Background: Glaucoma, particularly open-angle glaucoma (OAG), is a leading cause of irreversible blindness, associated with optic nerve damage, retinal ganglion cell death, and visual field defects. Corneal biomechanical properties and cellular components, such as corneal nerve and keratocyte densities assessed by in vivo confocal microscopy (IVCM), may serve as biomarkers for glaucoma progression. This study aimed to explore the relationship between corneal nerve parameters, keratocyte density, and optical coherence tomography (OCT)-derived retinal nerve fiber layer (RNFL) thickness in primary open-angle glaucoma (POAG) patients and controls.

Methods: This case-control study was conducted at Al-Shifa Trust Eye Hospital, Rawalpindi, Pakistan, from January 2023 to October 2024. It included 26 eyes of 17 glaucoma patients and 28 eyes of 18 age-matched controls. POAG was diagnosed based on elevated intraocular pressure (IOP), optic disc changes, RNFL defects, and visual field abnormalities. Participants underwent full ophthalmic evaluation, including OCT for RNFL thickness, specular microscopy, and corneal confocal microscopy (CCM). Data were analyzed using IBM SPSS Statistics for Windows, Version 26.0 (Released 2019; IBM Corp., Armonk, New York, United States), with Spearman's correlation and linear regression for association analysis.

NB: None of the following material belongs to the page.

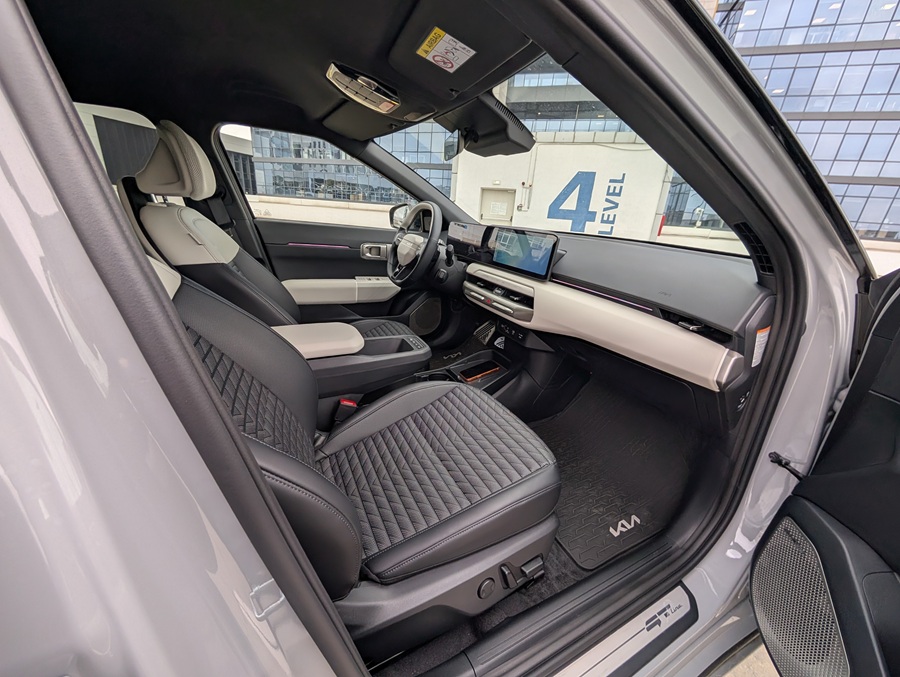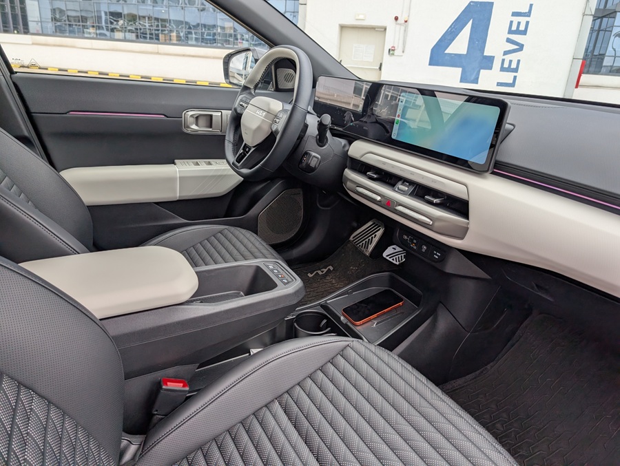 Interiorul este un spațiu plăcut, ergonomic și aerisit, dominat de ecrane clare și comenzi tactile bine plasate. Materialele sunt durabile și plăcute la atingere, iar scaunele oferă un suport excelent, crucial pentru un test de 600 km.
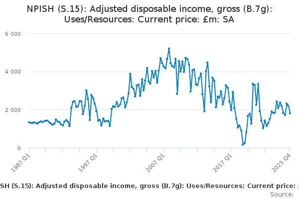 Download this time seriesNPISH (S.15): Adjusted disposable income, gross (B.7g): Uses/Resources: Current price: £m: SA

Results: Anterior stromal keratocyte density was significantly lower in glaucoma patients (436.63±145.44 cells/mm²) compared to controls (546.54±141.20 cells/mm²; p=0.007). No significant difference was found in posterior stromal keratocyte density (p=0.788). Corneal nerve parameters showed a higher nerve fiber length in glaucoma patients (19.25±5.74 mm/mm²), but the difference was not significant (p=0.143). Nerve branch density was significantly higher in glaucoma patients (40.22±23.44 branches/mm²) compared to controls (26.12±10.17 branches/mm²; p=0.054). Specular microscopy revealed significantly lower endothelial cell density in glaucoma patients (2159.8±393.39 cells/mm²) compared to controls (2474.15±272.59 cells/mm²; p=0.002). OCT measurements showed a significantly thinner global RNFL in glaucoma patients (69.79±24.79 µm) compared to controls (98.86±9.04 µm; p<0.001). Spearman's correlation analysis showed that anterior keratocyte density was positively correlated with global (r=0.294; p=0.045), superior (r=0.312; p=0.031), and inferior quadrant RNFL thickness (r=0.285; p=0.049). It was also negatively correlated with central corneal thickness (CCT) (r=-0.367; p=0.039). In multivariate analysis, the duration of glaucoma was significantly associated with RNFL thickness (p=0.011).

Conclusion: This study found that anterior stromal keratocyte density was positively correlated with RNFL thickness, suggesting a potential link between corneal cellular changes and glaucoma severity. Endothelial cell density was significantly lower in glaucoma patients, which may reflect the disease's impact or the effect of medications on corneal health. While corneal nerve parameters did not show significant differences, these findings highlight the importance of corneal biomechanical properties in glaucoma pathophysiology. Further studies with larger sample sizes and longer follow-up periods are needed to confirm these findings and explore the role of corneal parameters in glaucoma progression.